The following quotes relate to new Congressional action taken, responses to that action, and one pharmaceutical industry analyst who notes how alternative strategies often remain hamstrung.

  1. "It is critical for Congress to direct the Federal Trade Commission to go after these arbitrary, unfair and deceptive practices while also establishing more transparency and accountability." — Sen. Chuck Grassley (R-Iowa)
     
  2. "PBMs are the middlemen in the prescription drug supply chain and it's time for Congress to give the FTC the ability to shine a brighter light" — Sen. Maria Cantwell (D-Wash.)
     

Employers are among the groups impacted by PBM practices. On the same day the bipartisan Grassley-Cantwell bill was announced, EmployersRx—or Employers' Prescription for Affordable Drugs—a coalition of the largest employers in the U.S. sent a letter to the FTC urging action.
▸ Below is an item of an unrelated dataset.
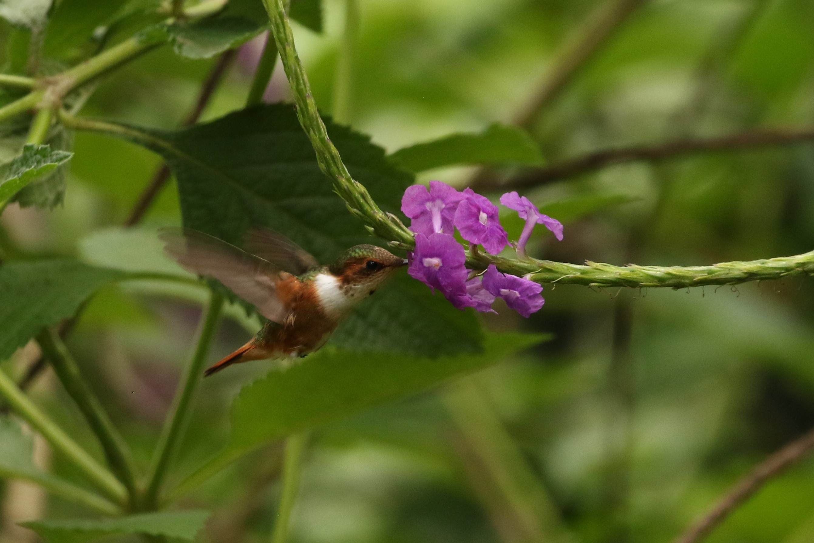 This rear view excludes the possibility of a coquette species. Below a final clear look at what has been determined to be an immature male still shows only a mere trace of the post-ocular spot seen on adult birds in most field guides:

  1. "Today, many PBM contracts with employer purchasers prohibit the disclosure of data regarding gross and net prices, rebates, and other financial information." — EmployersRx
     

The EmployersRx letter — penned by leading member organizations such as the Purchaser Business Group on Health (PBGH) — adds that "PBM contracts also contain unnecessarily complex definitions of commonly used terms, including 'generic' and 'specialty' drugs, that are often different from how those terms are used in regulation."

In an exclusive quote to HealthLeaders, PBGH's Executive Director for Health Policy Bill Kramer added his group's insight on how vertical PBM market integration has led to "inside dealing."
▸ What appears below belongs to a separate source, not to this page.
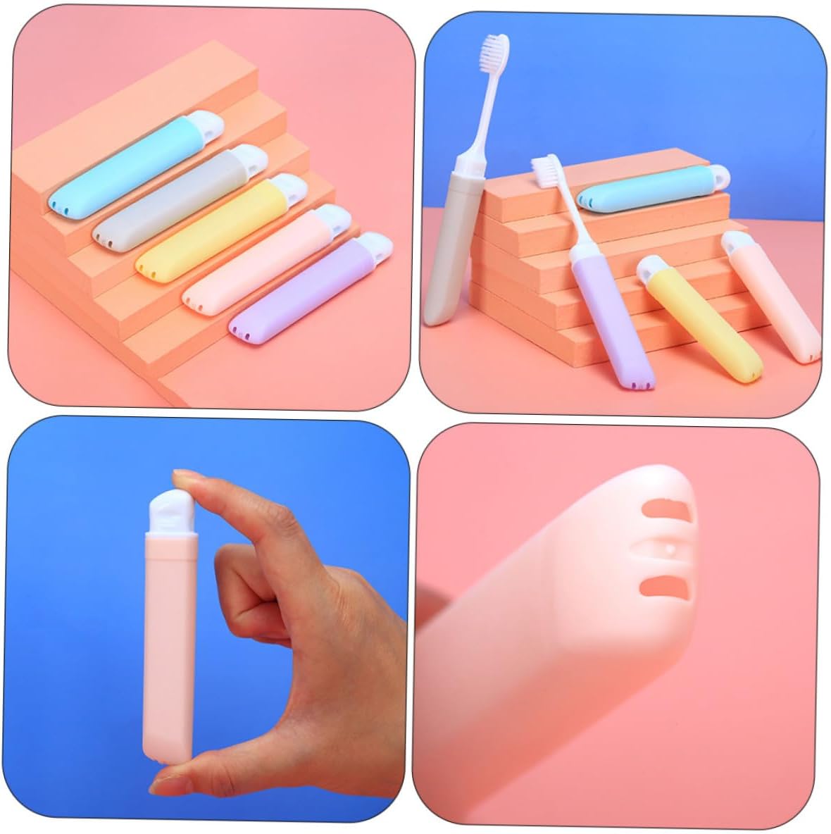5Pcs Portable Folding Toothbrush Soft Bristles Ergonomic Handle Travel Toothbrush for Adults Camping Daily Oral Care Gentle Gums Convenient Compact Design Random Color

  1. "These companies also own their own drug wholesalers, specialty pharmacies, mail-order pharmacies, group purchasing organizations, co-pay accumulators, and—in some cases—physician practices … The FTC has a responsibility to follow the money from initial sale of drugs from drug makers to wholesalers all the way to the final sale of drugs to consumers." — Kramer
     

Other stakeholders request that multiple avenues beyond the FTC be taken to strengthen PBM oversight.

  1. "There are plenty of PBM actions for policymakers and regulators to address in order to ease the havoc they have wreaked on patients and small business independent pharmacies." — B. Douglas Hoey, CEO, National Community Pharmacists Association
     

Hoey adds that controlling PBMs allows insurers to "set their competitors' prices, dictate their competitors' reimbursements, use competitors' data to steer patients to PBM-affiliated retail, specialty and mail-order pharmacies, and limit where and what consumers can buy."

Among the chorus is one industry analyst's call to action for other stakeholders.

  1. "Large employers, health plans, and government payers have shown limited appetite for change and continue to rely on the largest companies for PBM services." — Adam J. Fein, CEO, Drug Channels Institute.
     

While noting that "smaller employers have grown more willing to embrace small players by carving out PBM services from their health plan," Fein concedes the abiding challenge that smaller PBMs are often still dependent on the larger managers to perform the full cycle of business operations.

Laura Beerman is a freelance writer for HealthLeaders.